At a recent public meeting in Larkhall, the message from residents was clear: without enough officers on the ground, RPZs are little more than lines on a map. Areas such as Lambridge and Fairfield Park are frequently left without coverage, while central Bath continues to receive regular patrols. The result is blocked bus routes, unsafe streets, and residents unable to park near their homes.
“B&NES says it’s committed to cleaner, safer neighbourhoods and to making sustainable transport work,” commented Green Councillor Saskia Heijltjes, “But when there’s no one to enforce the rules, it’s all just talk.”
The BaNES Green Group is calling attention to the council’s low pay for CEOs — currently advertised between £13.26 and £13.47 per hour — a wage that does not reflect the demands or importance of the role.
“This is a physically demanding job that often involves confrontation and working in all weather,” the spokesperson continued. “If the council is benefitting from high parking revenue, it should reinvest in the very workers who make that possible”, added Green Group Leader Councillor Joanna Wright.
Local businesses are also feeling the impact. In areas where short-stay bays are abused, customers can’t park, and traders lose vital footfall.

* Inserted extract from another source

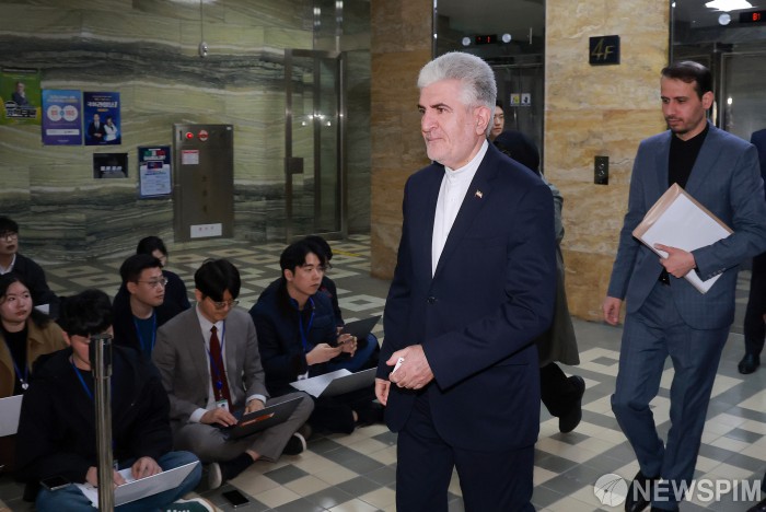 [서울=뉴스핌] 정일구 기자 = 사이드 쿠제치 주한 이란대사가 25일 오전 서울 여의도 국회에서 외교통일위원장인 김석기 국민의힘 의원과 면담하기 위해 외통위 소회의실로 향하고 있다. 2026.03.25 mironj19@newspim.com

The BaNES Green Group is urging the council to:
- Increase pay rates for CEOs to ensure recruitment and retention
- Provide consistent enforcement across all RPZs, not just the city centre
Invest parking revenues back into frontline enforcement staff
Honour commitments to sustainable travel by ensuring bus routes are protected
Cllr Wright concludes, “Residents are tired of empty promises. If we’re serious about RPZs, protecting public transport, and supporting local shops, then we must put officers on the streets and pay them fairly. Otherwise, we’re not managing a system — we’re just managing its decline.”